Skip the pictures and restate, word for word, the lines from the one containing "Coverskart Liquid Silicone" to the end of the data below.

## GIVEN MATERIAL
######

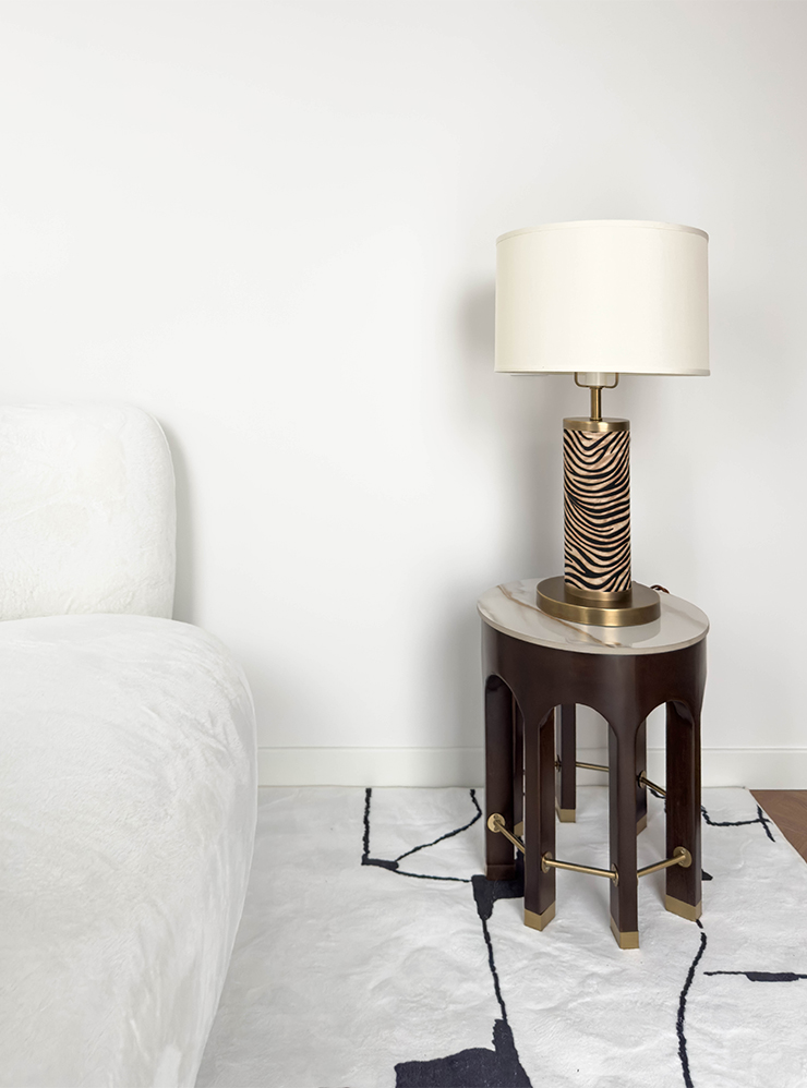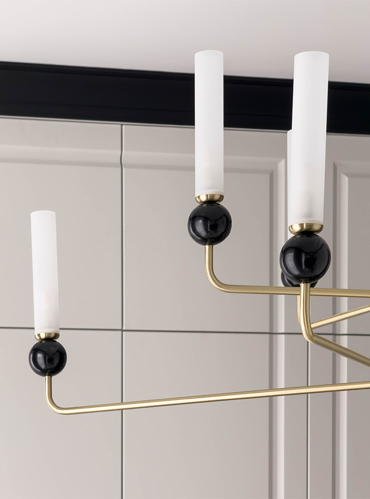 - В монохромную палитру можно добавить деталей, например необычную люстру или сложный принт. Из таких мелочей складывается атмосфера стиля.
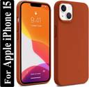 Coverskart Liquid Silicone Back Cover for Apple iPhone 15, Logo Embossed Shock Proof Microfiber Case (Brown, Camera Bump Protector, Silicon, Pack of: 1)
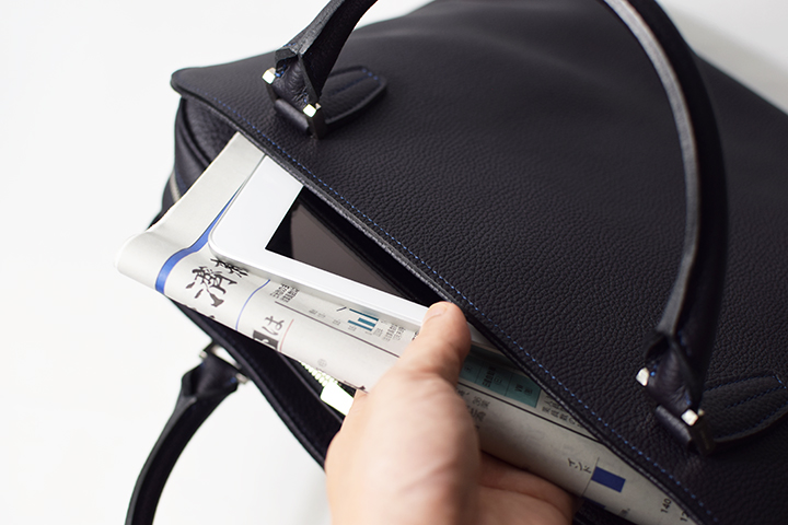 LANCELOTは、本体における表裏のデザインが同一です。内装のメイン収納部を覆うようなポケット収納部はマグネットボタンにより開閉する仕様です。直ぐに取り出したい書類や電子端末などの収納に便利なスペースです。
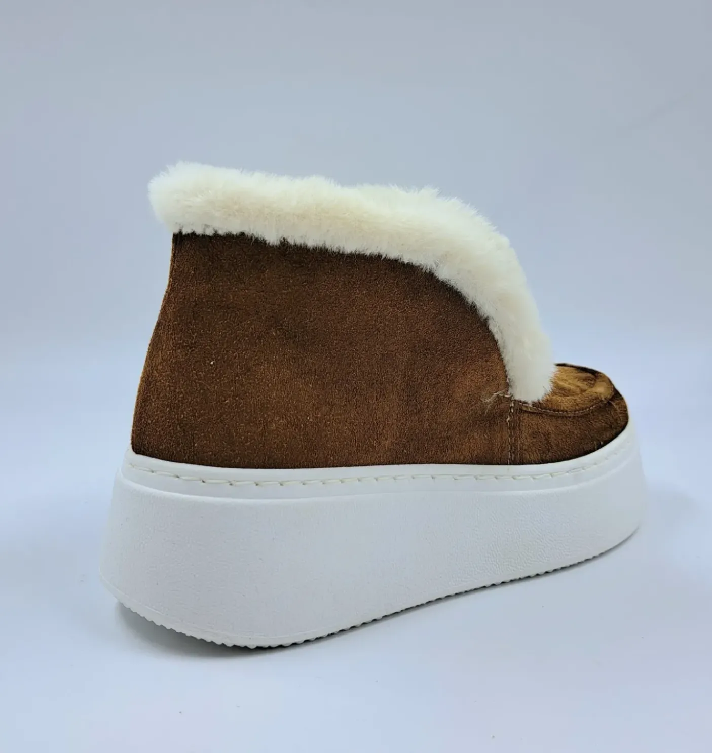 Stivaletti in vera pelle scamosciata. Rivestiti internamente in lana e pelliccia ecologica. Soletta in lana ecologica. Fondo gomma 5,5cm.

######

## ANSWER BELOW
 Coverskart Liquid Silicone Back Cover for Apple iPhone 15, Logo Embossed Shock Proof Microfiber Case (Brown, Camera Bump Protector, Silicon, Pack of: 1)
 LANCELOTは、本体における表裏のデザインが同一です。内装のメイン収納部を覆うようなポケット収納部はマグネットボタンにより開閉する仕様です。直ぐに取り出したい書類や電子端末などの収納に便利なスペースです。
 Stivaletti in vera pelle scamosciata. Rivestiti internamente in lana e pelliccia ecologica. Soletta in lana ecologica. Fondo gomma 5,5cm.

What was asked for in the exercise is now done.